When creating category models in Text Analytics, there are several different techniques you can choose from to create categories. Because every dataset is unique, the number of techniques and the order in which you apply them may change.
Since your interpretation of the results may be different from someone else's, you may need to experiment with the different techniques to see which one produces the best results for your text data. In Text Analytics, you can create category models in a workbench session in which you can explore and fine-tune your categories further.
In this documentation, category building refers to the generation of category definitions and classification through the use of one or more built-in techniques, and categorization refers to the scoring, or labeling, process whereby unique identifiers (name/ID/value) are assigned to the category definitions for each record or document.
During category building, the concepts and types that were extracted are used as the building blocks for your categories. When you build categories, the records or documents are automatically assigned to categories if they contain text that matches an element of a category's definition.
Text Analytics offers you several automated category building techniques to help you categorize your documents or records quickly.
Grouping techniques
Each of the techniques available is well suited to certain types of data and situations, but often it is helpful to combine techniques in the same analysis to capture the full range of documents records.
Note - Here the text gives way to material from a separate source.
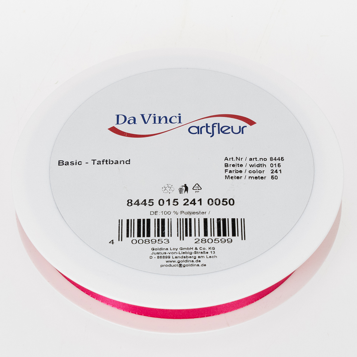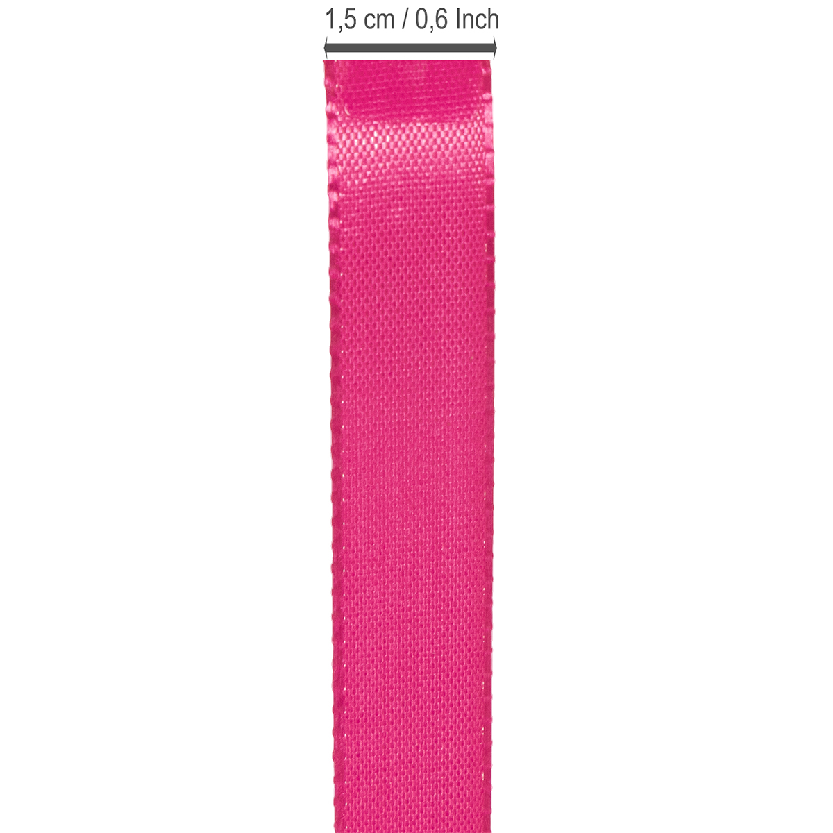 Det lyserøde gave- og dekorationbånd måler cirka 15 millimeter i bredden og cirka 50 meter i længden. Det er lavet af 100% polyamid og leveres til dig på en plastspole.

You may see a concept in multiple categories or find redundant categories.
Semantic Network. This technique begins by identifying the possible senses
of each concept from its extensive index of word relationships and then creates categories by
grouping related concepts. This technique is best when the concepts are known to the semantic
network and are not too ambiguous. It is less helpful when text contains specialized terminology or
jargon unknown to the network. In one example, the concept granny smith apple
could
be grouped with gala apple
and winesap apple
since they are
siblings of the granny smith. In another example, the concept animal
might be
grouped with cat
and kangaroo
since they are hyponyms of
animal
. This technique is available for English text only.
Concept Inclusion. This technique builds categories by grouping multiterm
concepts (compound words) based on whether they contain words that are subsets or supersets of a
word in the other. For example, the concept seat
would be grouped with
safety seat
, seat belt
, and seat belt buckle
.